AI Consulting in Cambridge

Yes, and it's one of the higher-leverage applications for biotech operators in Kendall Square. The core problem is that submission packages — IND amendments, NDA modules, CMC sections — require pulling from multiple source systems (lab notebooks, formulation records, stability data repositories) and assembling them into a structured format that meets specific FDA guidance. That assembly work is currently done by scientists or regulatory affairs staff who check documents manually against a checklist and rebuild the package from scratch each submission cycle. Workflow automation handles the retrieval and assembly layer: pulling from defined source folders, applying the right document templates, flagging missing sections, and generating a first-draft package the regulatory lead reviews rather than authors. The human still reviews and signs off — that step doesn't change. What changes is how many hours they spend on rote assembly versus actual scientific review. This is not legal advice on FDA compliance; your regulatory counsel owns that piece.

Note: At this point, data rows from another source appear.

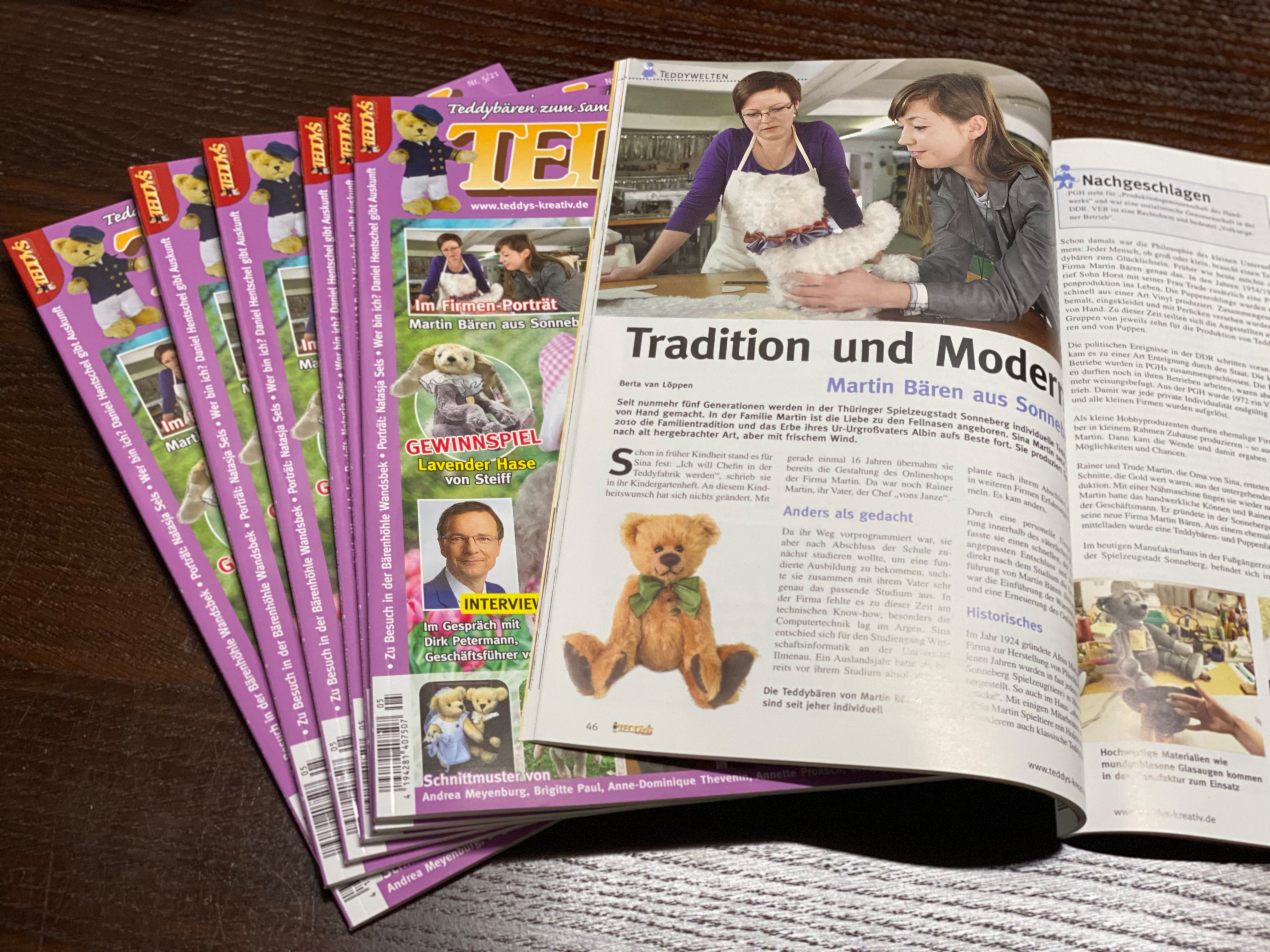 Die Zeitschrift Teddys Kreativ ist die Fachzeitschrift für alle Teddyliebhaber. In der aktuellen Ausgabe gibt es auf 2 Doppelseiten ein schönes Firmen-Porträt über die Martin Bären.
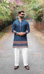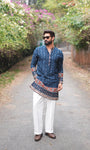 Tailored for the modern gentleman, this Blushing blue mid-kurta is crafted from a breathable cotton-silk blend with a soft inner lining for lasting comfort. The subtle woven accents add refined character, making it effortlessly sophisticated without trying too hard.
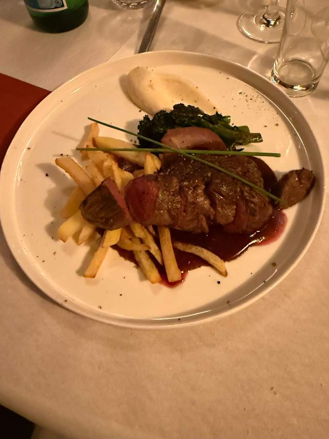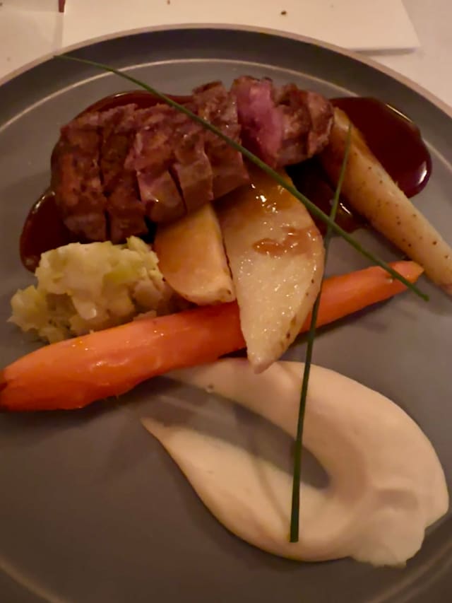 10/10Excellent as always. Rabbit rilette was nice and salty and seasoned. Deer steak was perfect with wine sauce. Chocolate dessert was very filling for its size. Good fruit sauces to its side.
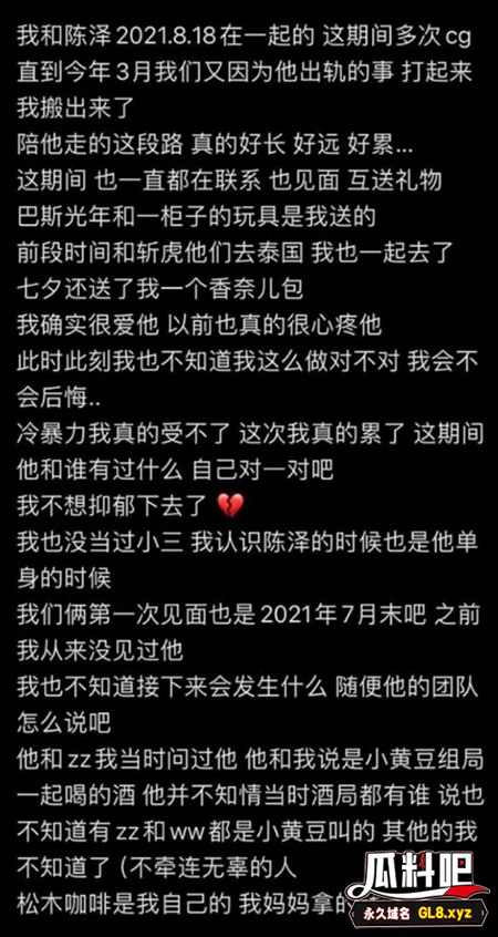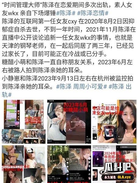 瓜料吧吃瓜网黑料爆料网抖音千万粉丝 陈泽 塌房被女友曝光多次出轨等事迹#陈泽 #网红#周周小可爱 #陈泽睡粉 #17吃瓜 #出轨 #瓜料吧#51吃瓜
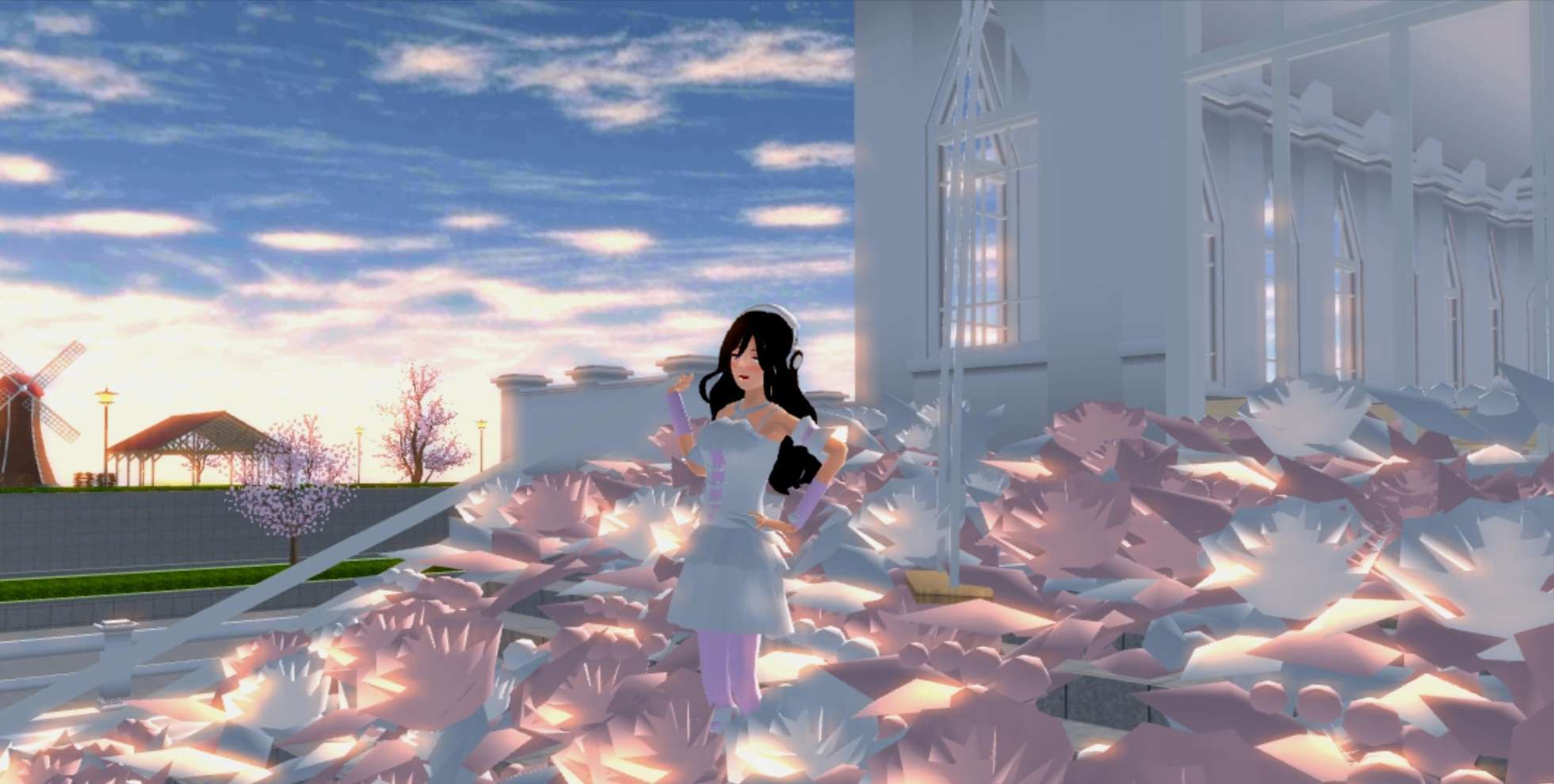 『清晨光下,漫花飞舞』
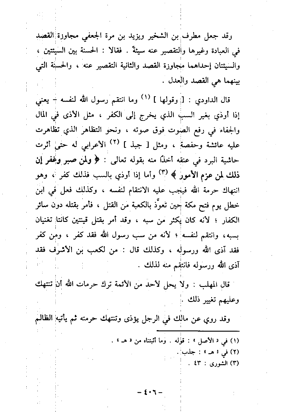 وقد جعل مطرف بن الشخير ويزيد بن مرة الجعفى مجاوزة القصد فى العبادة وغيرها والتقصير عنه سيئةً. فقالا: الحسنة بين السيئتين، والسيئتان إحداهما مجاوزة القصد والثانية التقصير عنه، والحسنة التى بينهما هى القصد والعدل. قال الداودى: وقولها وما انتقم رسول الله لنفسه، يعنى إذا أوذى بغير السب الذى يخرج إلى الكفر، مثل الأذى فى المال والجفاء فى رفع الصوت فوق صوته، ونحو التظاهر الذى تظاهرت عليه عائشة وحفصة، ومثل جبذ الأعرابى له حتى أثرت حاشية البرد فى عنقه أخذا منه بقوله تعالى: (ولمن صبر وغفر إن ذلك لمن عزم الأمور) [الشورى: 43] وأما إذا أوذى فذلك كفر، وهو انتهاك حرمة الله فيجب عليه الانتقام لنفسه، وكذلك فعل فى ابن خطل يوم فتح مكة حين تعوَّذ بالكعبة من القتل، فأمر بقتله دون سائر الكفار؛ لأنه كان يكثر من سبه، وقد أمر بقتل قينتين كانتا تغنيان بسبه، وانتقم لنفسه؛ لأنه من سب رسول الله (صلى الله عليه وسلم) فقد كفر، ومن كفر فقد آذى الله ورسوله، وكذلك قال: (من لكعب بن الأشراف فقد آذى الله ورسوله) ، فانتقم منه لذلك. قال المهلب: ولا يحل لأحد من الأئمة ترك حرمات الله أن تنتهك وعليهم تغيير ذلك. وقد روى عن مالك فى الرجل يؤذى وتنتهك حرمته ثم يأتيه الظالم
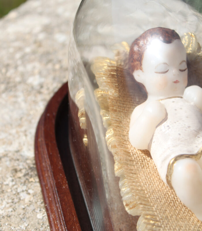 Bambinello custodito in una campana di vetro con occhi chiusi,  mani chiuse e culla in cera dipinto a mano nel Monastero Santa Chiara di Rieti. La cera, una sostanza apparentemente ordinaria, racchiude in sé il potere di trasformarsi in un mezzo affascinante per l’espressione artistica e spirituale consentendo la realizzazione di questo Bambinello che trasmette pace e serenità. E’ una idea regalo per le persone che ami.
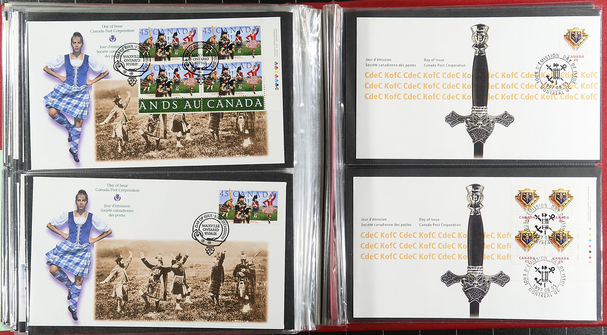 First Day Covers. Collection of roughly 500 Canada First day covers, 1990's-2010, well organized in 6 Uni-Safe cover albums. The covers generally range from 1997-2010, along with a few earlier covers, with singles, plate blocks, souvenir sheet, and high denomination frankings. Duplication up to 2 for a few issues. A nice clean lot for collectors and dealers alike, with 6 gently used albums as a bonus. Estimate =
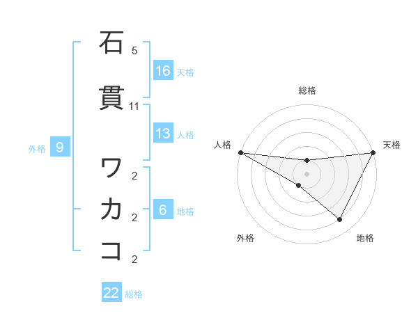 石貫 ワカコさんを姓名の画数から五運を鑑定
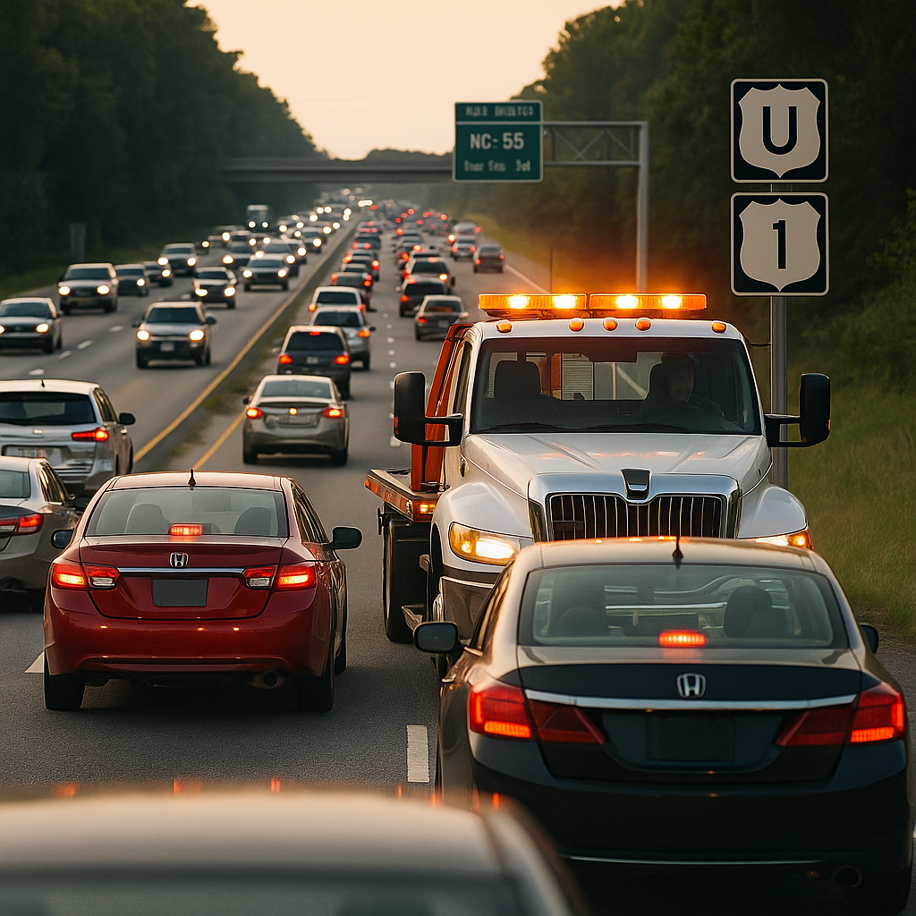 Consider NC-55 or Ten-Ten Rd to clear traffic if the vehicle is drivable.

SBIR-funded spinouts are actually a good fit for fixed-price automation builds precisely because budget is constrained and every hour of founder time has a high opportunity cost. The $99 AI readiness audit is a reasonable first step — it maps where your operational drag is actually coming from before any build is scoped. Common high-value targets at this stage: NIH progress report drafting from existing lab data, invoice-to-subcontract matching for budget reconciliation, and onboarding flows for new lab members or contractors who need to get productive without burning the PI's week. The Founder Review Call at $497 is designed for this stage — ninety minutes, written prioritization memo, no commitment to a build. If the audit or call surfaces a workflow that saves more than it costs in the first quarter, the math works even on a Phase I budget. If it doesn't, we'll tell you that, too.

Data scoping is the first conversation, not an afterthought. For research-adjacent workflows, we use read-only API connections to source systems wherever possible — pulling from a defined folder structure or a specific database view rather than broad system access. For AI-assisted steps, we route through enterprise model endpoints (Anthropic, Azure OpenAI) that carry contractual no-training, zero-retention terms, so your formulation data or unpublished sequence information is not used to train any model and is not retained after the request completes. The signed data processing terms are part of the engagement file before any credential changes hands. If your counsel or tech transfer office has specific requirements around data residency or export controls (common for ITAR-adjacent research), those constraints get mapped in the audit phase and baked into the architecture. We've worked with teams that have very strict data-handling requirements; the builds take longer to scope, but the approach is the same.

Internal ML talent and operational automation solve different problems and rarely overlap. Your researchers are building models, running experiments, and publishing. Workflow automation handles the connective tissue between tools: routing meeting notes to the right project folder, syncing grant milestone tracking to your project management system, generating first-draft reports from structured data so a researcher isn't starting from a blank doc. The builds we scope don't require your ML team's involvement and don't compete with their priorities. In practice, internal AI teams often have the longest list of operational frustrations because they see exactly where the process is broken and don't have cycles to fix it themselves. The audit conversation tends to move fast with technical teams because they can articulate the problem precisely — which shortens the scoping work and usually gets a first build into production faster than with less technical operators.

It depends on what the audit surfaces, but two patterns show up most often. For biotech R&D teams, the first build is usually a document assembly or reporting automation — something that takes a repeating, high-stakes document workflow (regulatory filings, progress reports, CMC sections) and produces a structured first draft from source data the team already has, rather than requiring a scientist to assemble it from scratch. For health-tech and mid-market tech firms, the first build is more often an internal knowledge or routing system — a tool that answers common questions from the team's own documentation, routes support tickets correctly, or handles the onboarding checklist for new hires without requiring a senior person to run it manually. We rarely recommend starting with more than one capability. One thing deployed and working in four weeks beats three things half-built in three months.